The count variable (row_size) contains the number of elements for each trajectory, and is identified by having an attribute with name "sample_dimension" whose value is the sample dimension being counted. It must have the trajectory dimension as its single dimension, and must be type integer. The elements are associated with the trajectories using the same algorithm as in H.2.4.
When the number of elements at each trajectory vary, and the elements cannot be written in order, one can use the indexed ragged array representation. The canonical use case is when writing real-time data streams that contain reports from many trajectories. The data can be written as it arrives; if the flatsample dimension is the unlimited dimension, this allows data to be appended to the file.
Example H.15. Trajectories recording atmospheric composition in the indexed ragged array representation.
dimensions: obs = UNLIMITED ; trajectory = 77 ; variables: char trajectory(trajectory, name_strlen) ; trajectory:cf_role = "trajectory_id"; int trajectory_index(obs) ; trajectory_index:long_name = "index of trajectory this obs belongs to " ; trajectory_index:instance_dimension= "trajectory" ; double time(obs) ; time:standard_name = "time"; time:long_name = "time" ; time:units = "days since 1970-01-01 00:00:00" ; float lon(obs) ; lon:standard_name = "longitude"; lon:long_name = "longitude" ; lon:units = "degrees_east" ; float lat(obs) ; lat:standard_name = "latitude"; lat:long_name = "latitude" ; lat:units = "degrees_north" ; float z(obs) ; z:standard_name = “altitude”; z:long_name = "height above mean sea level" ; z:units = "km" ; z:positive = "up" ; z:axis = "Z" ; float O3(obs) ; O3:standard_name = “mass_fraction_of_ozone_in_air”; O3:long_name = "ozone concentration" ; O3:units = "1e-9" ; O3:coordinates = "time lon lat z" ; float NO3(obs) ; NO3:standard_name = “mass_fraction_of_nitrate_radical_in_air”; NO3:long_name = "NO3 concentration" ; NO3:units = "1e-9" ; NO3:coordinates = "time lon lat z" ; attributes: :featureType = "trajectory";
The O3(o) and NO3(o) data are associated with the coordinate values time(o), lat(o), lon(o), and alt(o). All elements for one trajectory will have the same trajectory index value. The sample dimension (obs) may be the unlimited dimension or not.

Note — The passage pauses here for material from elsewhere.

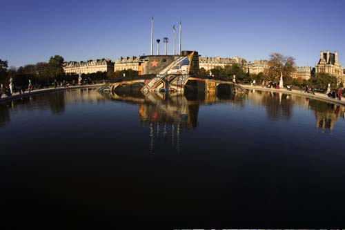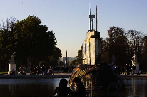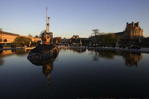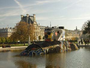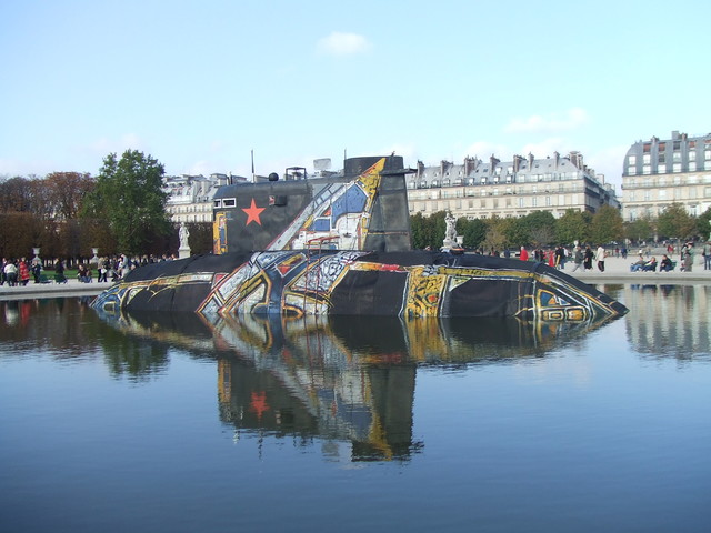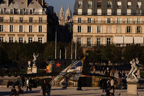 Подводная лодка, всплывшая в фонтане Тюльери на  Королевской Оси между двумя Триумфальными арками перед архитектурным ансамблем Лувра, наделала немало шума, когда поднимала свои перископы под мощные звуки “Варяга” и “Прощание Славянки”.

The index variable (trajectory_index) is identified by having an attribute with name of "instance_dimension" whose value is the trajectory dimension name. It must have the sample dimension as its single dimension, and must be type integer. Each value in the trajectory_index variable is the zero-based trajectory index that the element belongs to. The elements are associated with the trajectories using the same algorithm as in H.2.5.